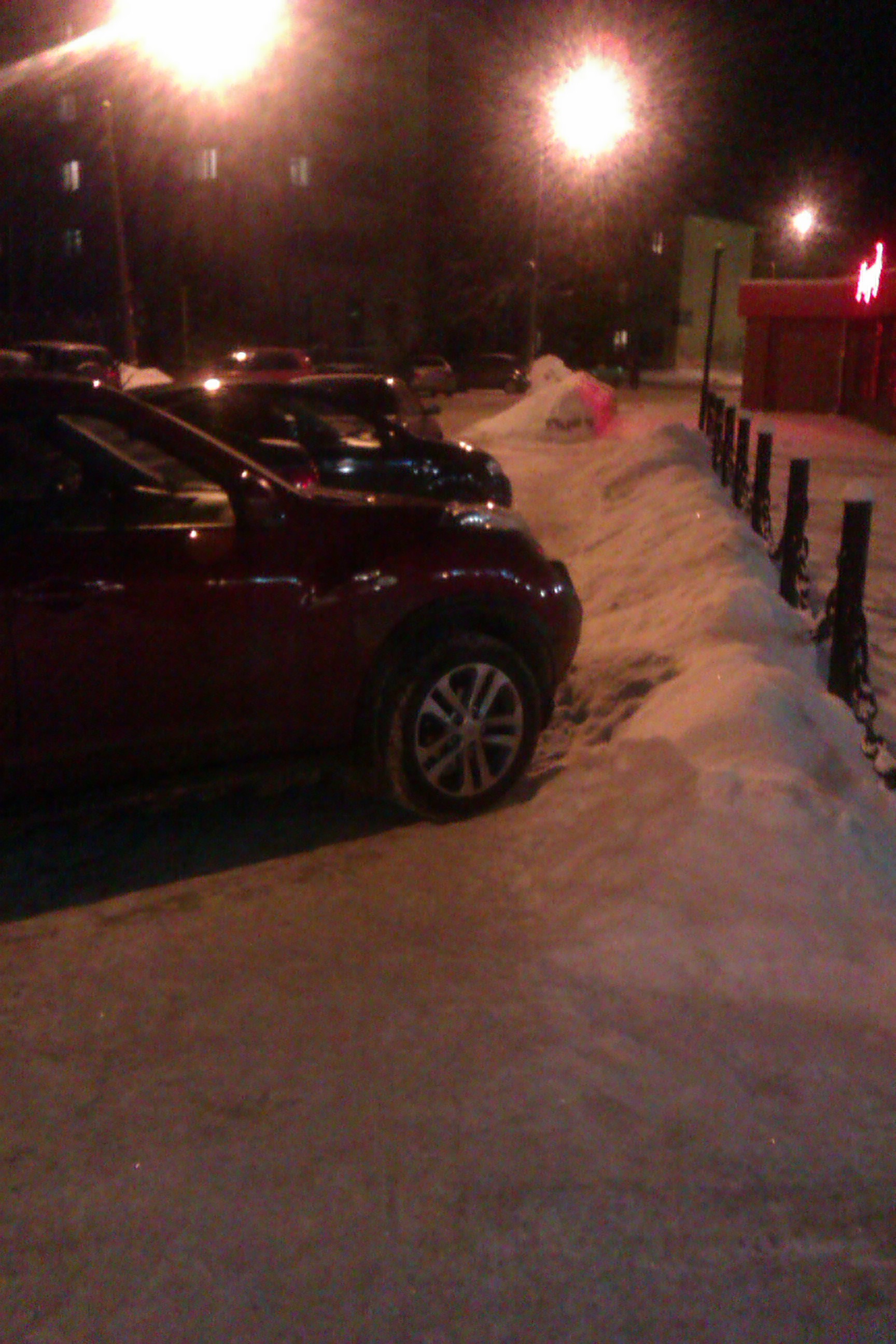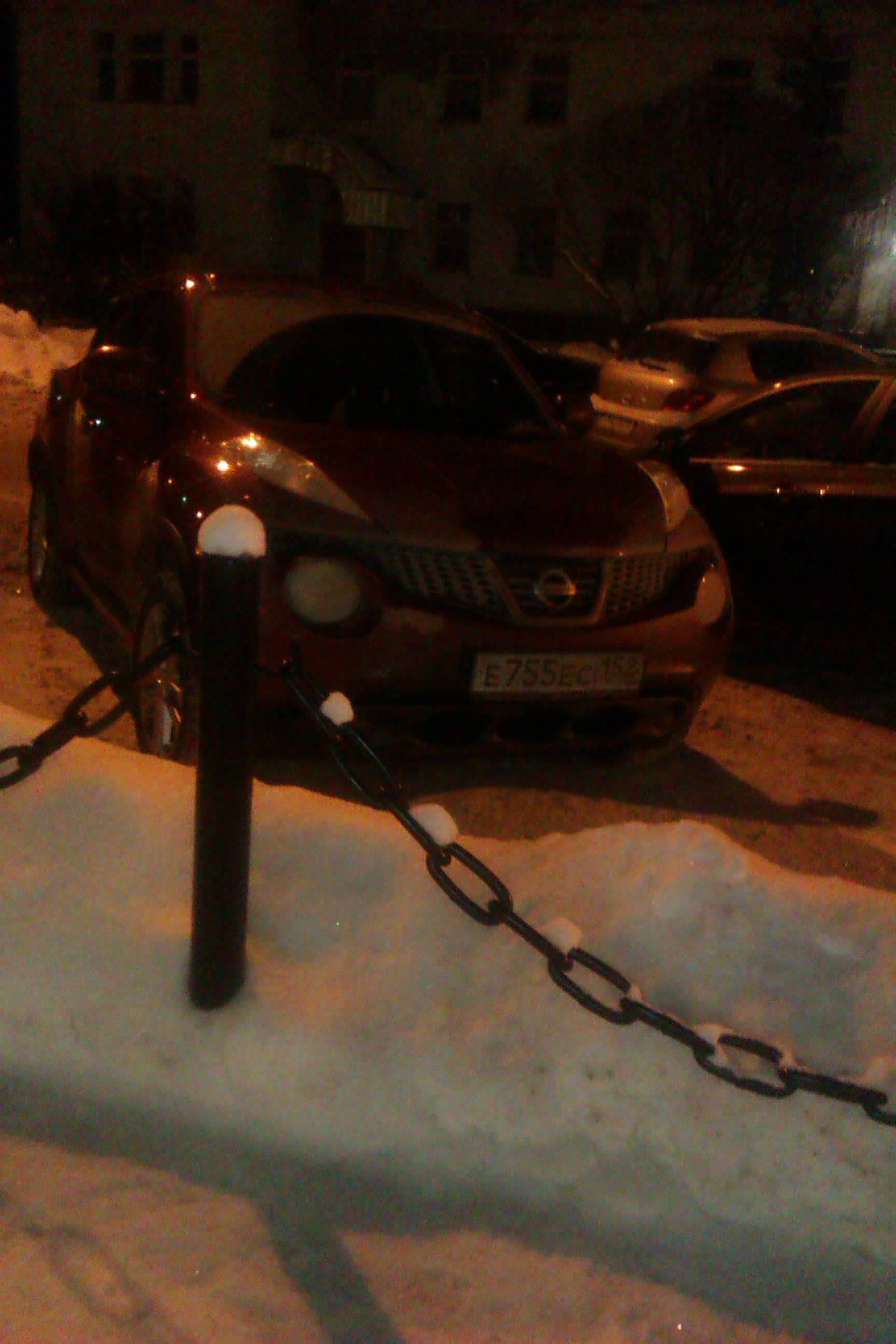 Е755ЕС152 Ниссан Джук, ул. Бутлерова в районе художественной школы, 15.01.2013 20:00. Парковка на тротуаре, приходится обходить по прилегающей территории или выходить на проезжую часть
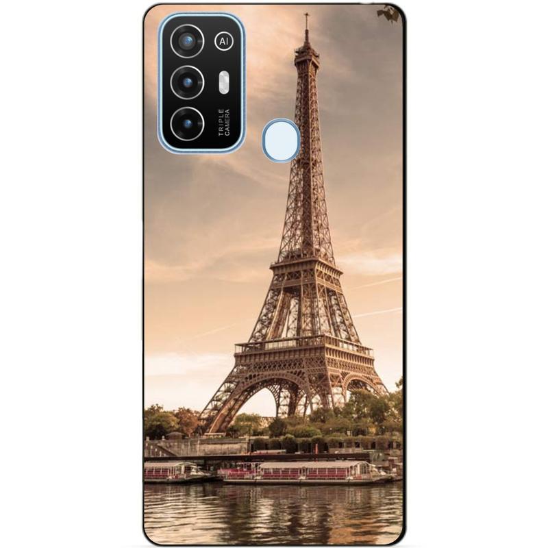 Силиконовый бампер чехол для zte blade a52 с рисунком эйфелева башня
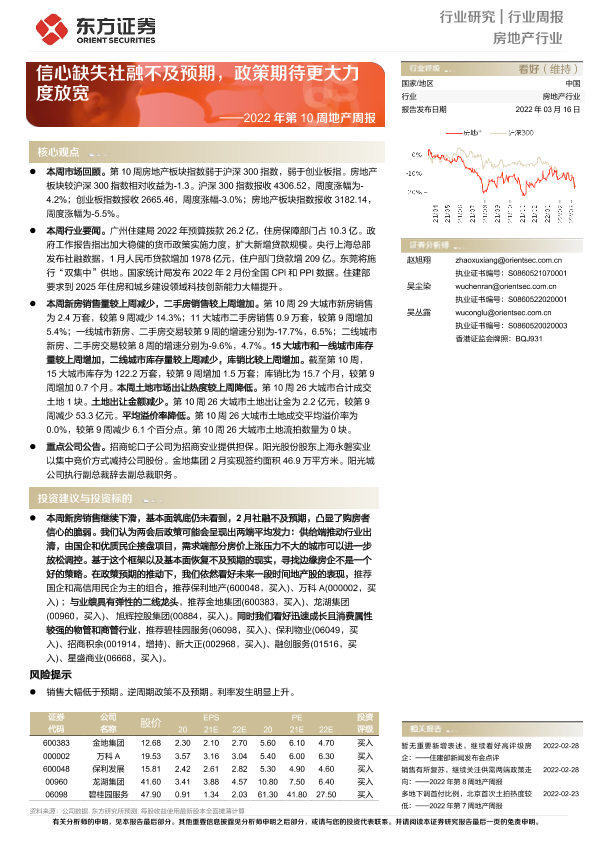 【东方证券】【20220316】2022年第10周地产周报:信心缺失社融不及预期,政策期待更大力度放宽-16页
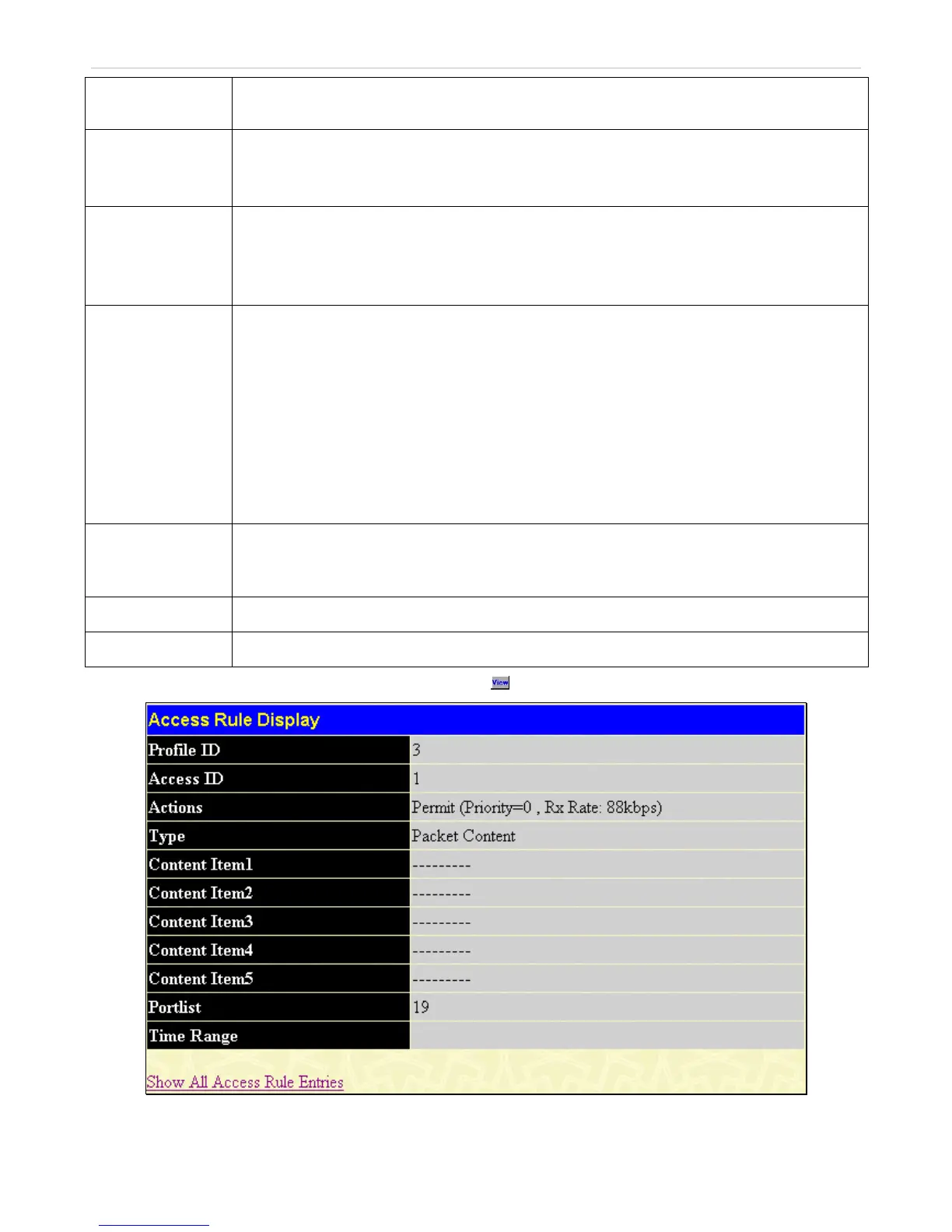 Figure 9- 14. Access Rule Display window (Packet Content)
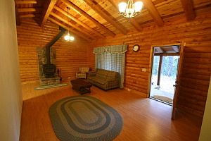 Wonderful 3 bedroom Log Home. Off grid on 4 separate parcels that total 5+ acres. Home has been completely remodeled.Beautiful kitchen with breakfast bar and refrigerator. Approx 1354 sqft,& bright open floor plan with vaulted ceilings.Beautiful interior wood doors. One car detached garage,pump house with washer/dryer hookups.Great, covered porches for enjoying the views.Self contained + permitted
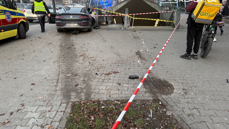 Ze wstępnych ustaleń wynika, że kierujący samochodem osobowym marki volkswagen z nieznanych przyczyn uderzył w tył hondy, następnie stracił panowanie nad autem i wpadł na pas zieleni, chodnik i ścieżkę rowerową. Pojazd delikatnie musnął słup i jadąc dalej, staranował stację rowerową i dwie elektryczne hulajnogi. Następnie uderzył w betonowy śmietnik, kończąc jazdę na szklanej wiacie wejścia do metra.
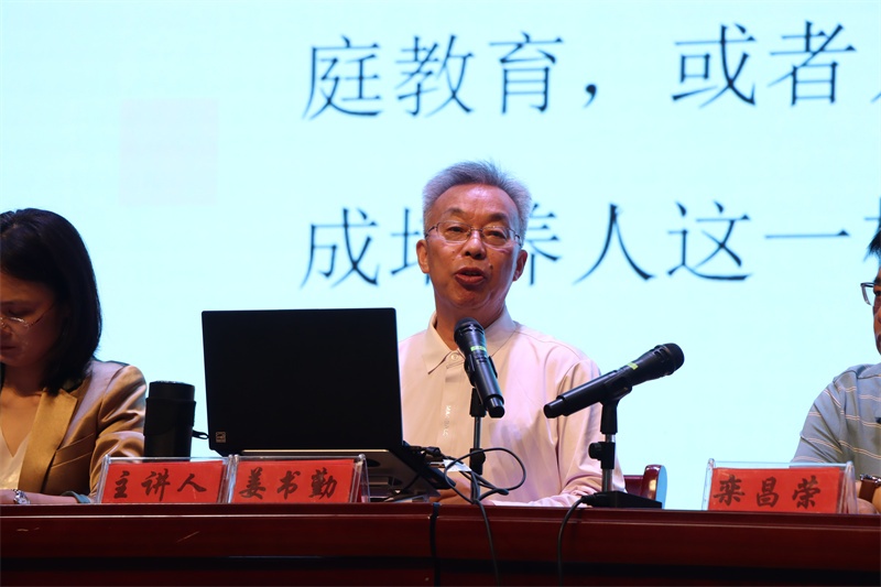 姜书勤做了题为《家校共育——为孩子提供成长的动力》的家教报告。姜书勤从“家庭与学校的共同责任”“让孩子学会时间管理”“激发孩子的学习内驱力”“学会和青春期的孩子沟通”四个方面阐释了“家校共育”的内涵及重要意义。讲座中,姜书勤以丰富的家庭教育案例,强调了家庭教育在孩子成长过程中的重要性,引导广大家长积极做到家庭教育要与学校教育保持一致,指导家长如何解决“怎样让孩子学会管理时间”“家庭教育如何管理手机”“怎样唤醒孩子学习内驱力”等问题。姜书勤的讲座旁征博引、深入浅出、干货满满,既有理论的高度,又有很强的指导性,各位家长听得认真,记得仔细,受益颇多。
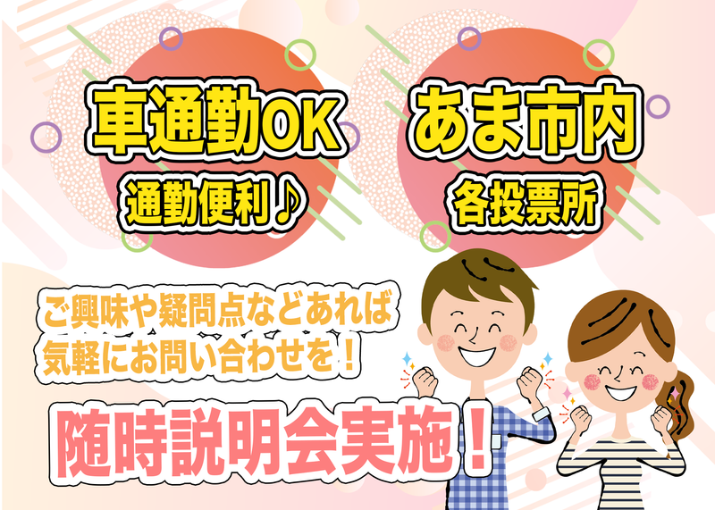 仕事内容 衆議院選挙当日2/8(日)1日のみ! あま市内の投票所内で受付や案内業務をお願いします。 ・受付(投票に来た方の本人確認) ・投票用紙の配布 ・会場内の案内 ・簡単な清掃(投票に使用する鉛筆の拭き取りなど) など投票所内での受付事務になります。 丁寧な対応ができる方ならOK! ※あま市内の24か所の投票所のいずれかでの勤務となります。 ※期日前投票所はあま市役所になります。
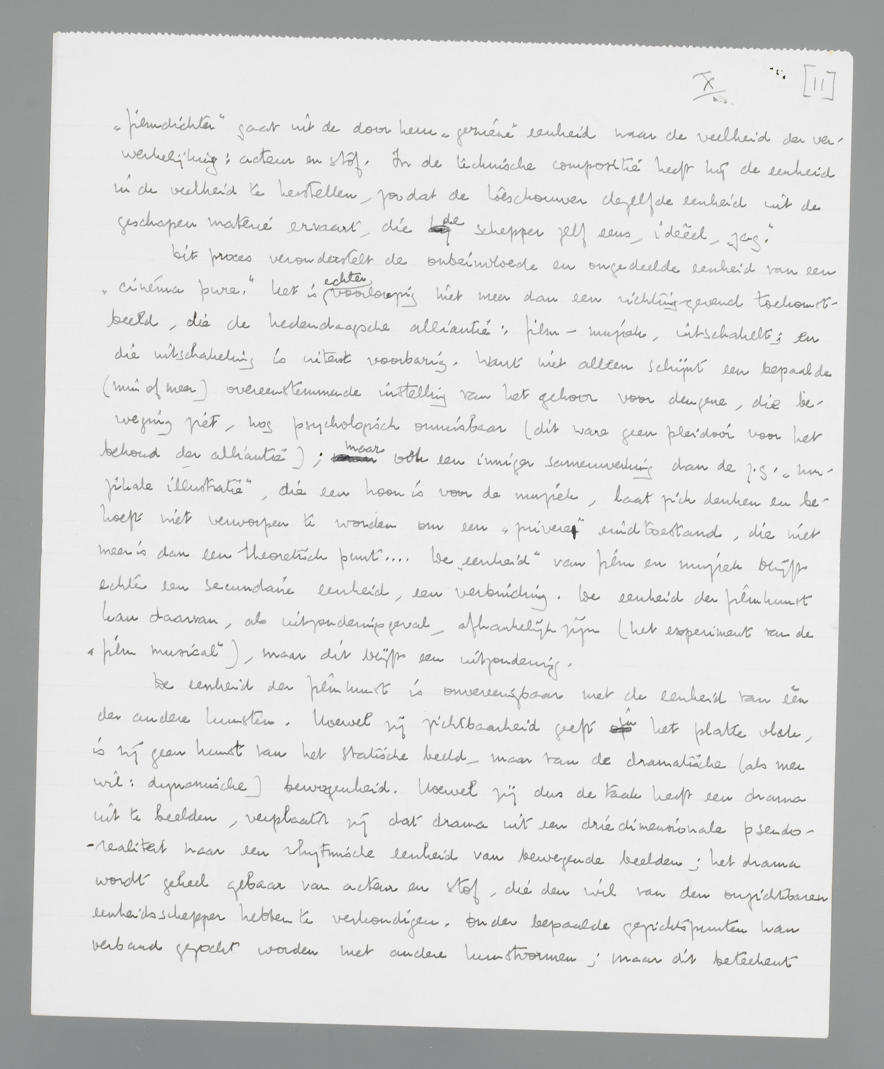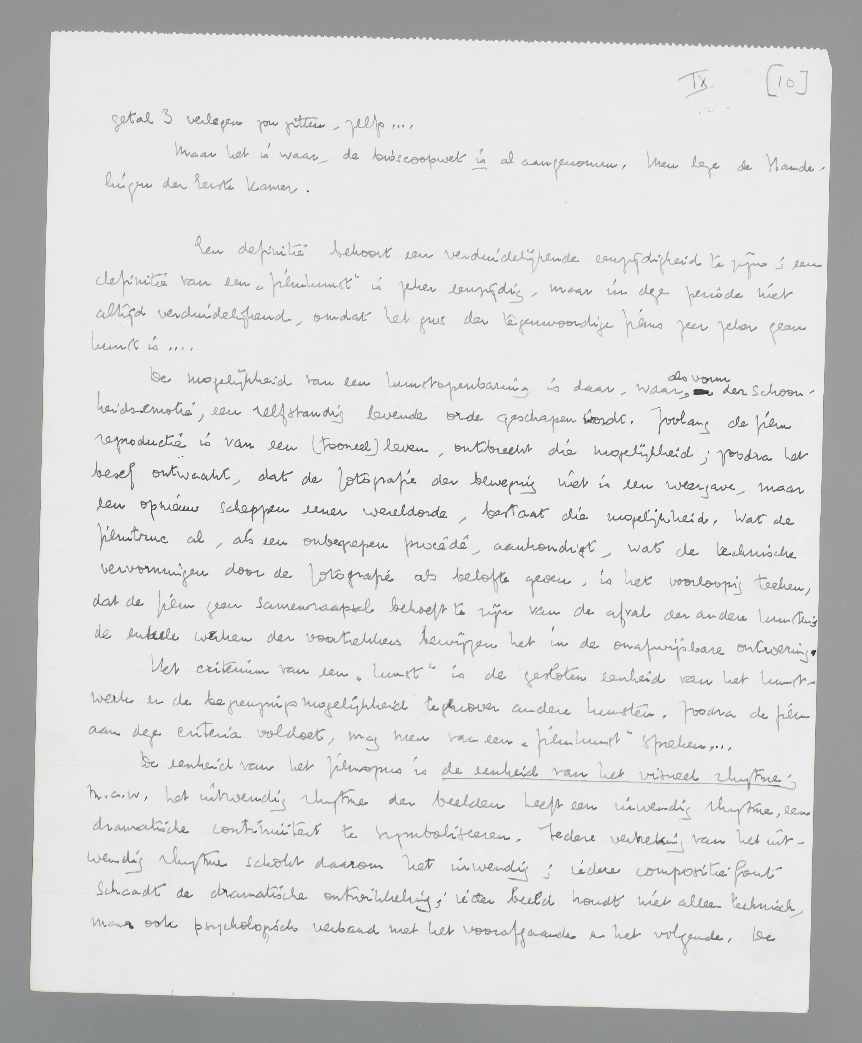 De eenheid van het filmopus is de eenheid van het visueel rhytme; m.a.w. het uitwendig rhytme der beelden heeft een inwendig rhytme, een dramatische continuïteit, te symboliseeren. Iedere verbreking van het uitwendig rhytme schokt daarom het inwendig; iedere compositiefout schaadt de dramatische ontwikkeling; ieder beeld houdt niet alleen technisch, maar ook psychologisch verband met het voorafgaande en het volgende. De ‘filmdichter’ gaat uit de door hem ‘geziene’ eenheid
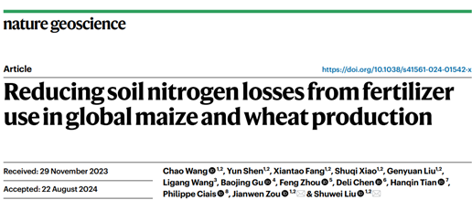邹建文教授团队题为“Reducing soil nitrogen losses from fertilizer use in global maize and wheat production”的研究长文(article)。该研究建立了全球尺度上高精度的玉米和小麦生产氮肥施用引起的土壤活性氮(Nr)损失清单,并为优化田间管理措施减少土壤Nr损失提供了新的见解。
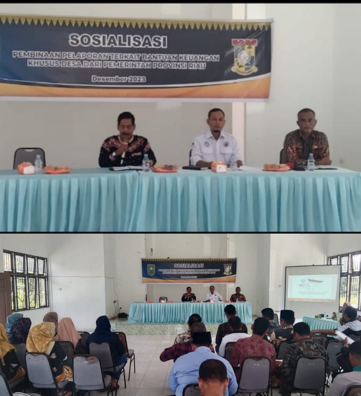 Bertempat di ruang Aula Kantor Camat, dalam pembukaannya Camat Perhentian Raja Agus Wiyana S.PdI menjelaskan, bahwa dalam sosialisasi Pembinaan Pelaporan Terkait BKK Desa Provinsi Riau Tahun 2023 merupakan bantuan dari Provinsi Riau dan di salurkan melalui APBD Kampar dan di alokasikan untuk pembangunan dan pemberdayaan desa.

### ABOUT THIS EXERCISE:
The entries are to be restated word for word, with pictures omitted.

### THE COMPLETED TASK:
 Е755ЕС152 Ниссан Джук, ул. Бутлерова в районе художественной школы, 15.01.2013 20:00. Парковка на тротуаре, приходится обходить по прилегающей территории или выходить на проезжую часть
 Силиконовый бампер чехол для zte blade a52 с рисунком эйфелева башня
 【东方证券】【20220316】2022年第10周地产周报:信心缺失社融不及预期,政策期待更大力度放宽-16页
 Figure 9- 14. Access Rule Display window (Packet Content)
 Wonderful 3 bedroom Log Home. Off grid on 4 separate parcels that total 5+ acres. Home has been completely remodeled.Beautiful kitchen with breakfast bar and refrigerator. Approx 1354 sqft,& bright open floor plan with vaulted ceilings.Beautiful interior wood doors. One car detached garage,pump house with washer/dryer hookups.Great, covered porches for enjoying the views.Self contained + permitted
 Ze wstępnych ustaleń wynika, że kierujący samochodem osobowym marki volkswagen z nieznanych przyczyn uderzył w tył hondy, następnie stracił panowanie nad autem i wpadł na pas zieleni, chodnik i ścieżkę rowerową. Pojazd delikatnie musnął słup i jadąc dalej, staranował stację rowerową i dwie elektryczne hulajnogi. Następnie uderzył w betonowy śmietnik, kończąc jazdę na szklanej wiacie wejścia do metra.
 姜书勤做了题为《家校共育——为孩子提供成长的动力》的家教报告。姜书勤从“家庭与学校的共同责任”“让孩子学会时间管理”“激发孩子的学习内驱力”“学会和青春期的孩子沟通”四个方面阐释了“家校共育”的内涵及重要意义。讲座中,姜书勤以丰富的家庭教育案例,强调了家庭教育在孩子成长过程中的重要性,引导广大家长积极做到家庭教育要与学校教育保持一致,指导家长如何解决“怎样让孩子学会管理时间”“家庭教育如何管理手机”“怎样唤醒孩子学习内驱力”等问题。姜书勤的讲座旁征博引、深入浅出、干货满满,既有理论的高度,又有很强的指导性,各位家长听得认真,记得仔细,受益颇多。
 仕事内容 衆議院選挙当日2/8(日)1日のみ! あま市内の投票所内で受付や案内業務をお願いします。 ・受付(投票に来た方の本人確認) ・投票用紙の配布 ・会場内の案内 ・簡単な清掃(投票に使用する鉛筆の拭き取りなど) など投票所内での受付事務になります。 丁寧な対応ができる方ならOK! ※あま市内の24か所の投票所のいずれかでの勤務となります。 ※期日前投票所はあま市役所になります。
 De eenheid van het filmopus is de eenheid van het visueel rhytme; m.a.w. het uitwendig rhytme der beelden heeft een inwendig rhytme, een dramatische continuïteit, te symboliseeren. Iedere verbreking van het uitwendig rhytme schokt daarom het inwendig; iedere compositiefout schaadt de dramatische ontwikkeling; ieder beeld houdt niet alleen technisch, maar ook psychologisch verband met het voorafgaande en het volgende. De ‘filmdichter’ gaat uit de door hem ‘geziene’ eenheid
邹建文教授团队题为“Reducing soil nitrogen losses from fertilizer use in global maize and wheat production”的研究长文(article)。该研究建立了全球尺度上高精度的玉米和小麦生产氮肥施用引起的土壤活性氮(Nr)损失清单,并为优化田间管理措施减少土壤Nr损失提供了新的见解。
 Bertempat di ruang Aula Kantor Camat, dalam pembukaannya Camat Perhentian Raja Agus Wiyana S.PdI menjelaskan, bahwa dalam sosialisasi Pembinaan Pelaporan Terkait BKK Desa Provinsi Riau Tahun 2023 merupakan bantuan dari Provinsi Riau dan di salurkan melalui APBD Kampar dan di alokasikan untuk pembangunan dan pemberdayaan desa.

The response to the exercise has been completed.